SUBROUTINE SB10PD( N, M, NP, NCON, NMEAS, A, LDA, B, LDB, C, LDC,
$ D, LDD, TU, LDTU, TY, LDTY, RCOND, TOL, DWORK,
$ LDWORK, INFO )
C
C PURPOSE
C
C To reduce the matrices D12 and D21 of the linear time-invariant
C system
C
C | A | B1 B2 | | A | B |
C P = |----|---------| = |---|---|
C | C1 | D11 D12 | | C | D |
C | C2 | D21 D22 |
C
C to unit diagonal form, to transform the matrices B, C, and D11 to
C satisfy the formulas in the computation of an H2 and H-infinity
C (sub)optimal controllers and to check the rank conditions.
C
C ARGUMENTS
C
C Input/Output Parameters
C
C N (input) INTEGER
C The order of the system. N >= 0.
C
C M (input) INTEGER
C The column size of the matrix B. M >= 0.
C
C NP (input) INTEGER
C The row size of the matrix C. NP >= 0.
C
C NCON (input) INTEGER
C The number of control inputs (M2). M >= NCON >= 0,
C NP-NMEAS >= NCON.
C
C NMEAS (input) INTEGER
C The number of measurements (NP2). NP >= NMEAS >= 0,
C M-NCON >= NMEAS.
C
C A (input) DOUBLE PRECISION array, dimension (LDA,N)
C The leading N-by-N part of this array must contain the
C system state matrix A.
C
C LDA INTEGER
C The leading dimension of the array A. LDA >= max(1,N).
C
C B (input/output) DOUBLE PRECISION array, dimension (LDB,M)

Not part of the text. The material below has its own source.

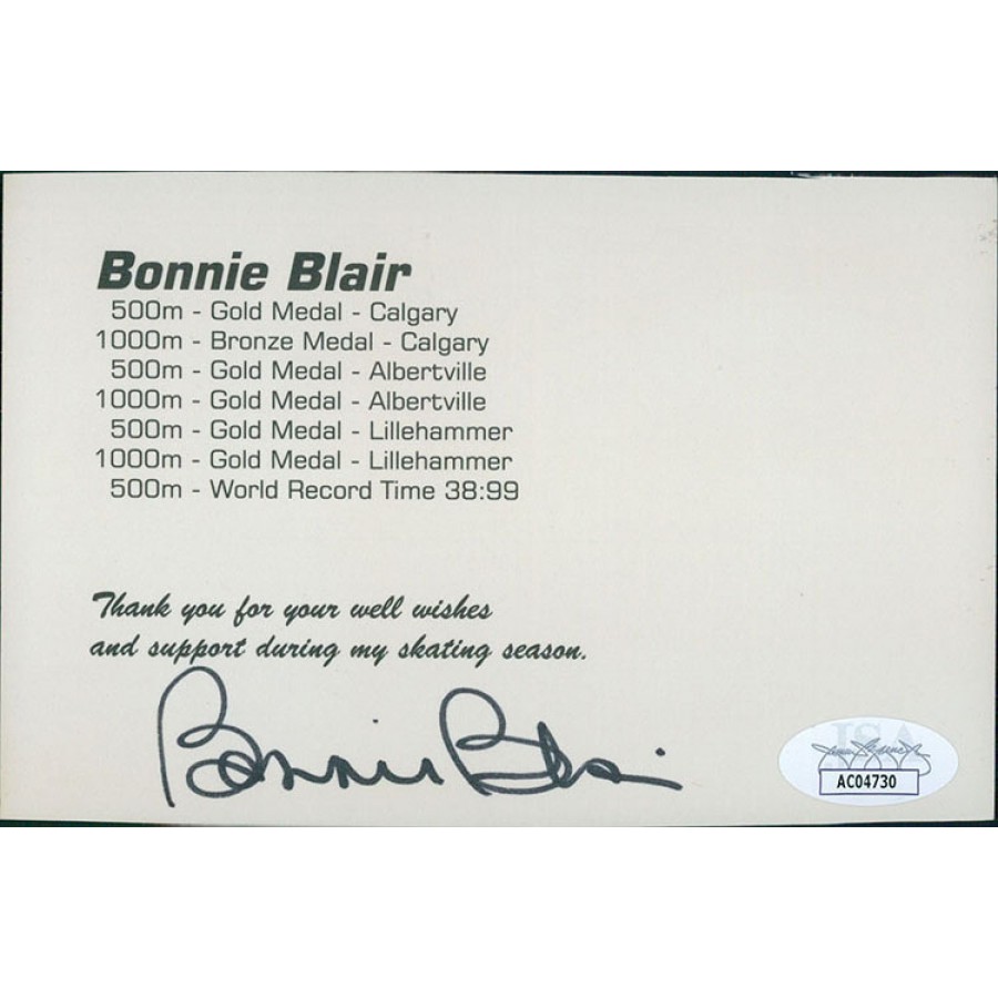 Signed Bonnie Blair 3.5x5.5 cardstock promo photo in black sharpie on the back. This item has been certified by James Spence Authentication (JSA) with sticker affixed to item and matching card.

C On entry, the leading N-by-M part of this array must
C contain the system input matrix B.
C On exit, the leading N-by-M part of this array contains
C the transformed system input matrix B.
C
C LDB INTEGER
C The leading dimension of the array B. LDB >= max(1,N).
C
C C (input/output) DOUBLE PRECISION array, dimension (LDC,N)
C On entry, the leading NP-by-N part of this array must
C contain the system output matrix C.
C On exit, the leading NP-by-N part of this array contains
C the transformed system output matrix C.
C
C LDC INTEGER
C The leading dimension of the array C. LDC >= max(1,NP).
C
C D (input/output) DOUBLE PRECISION array, dimension (LDD,M)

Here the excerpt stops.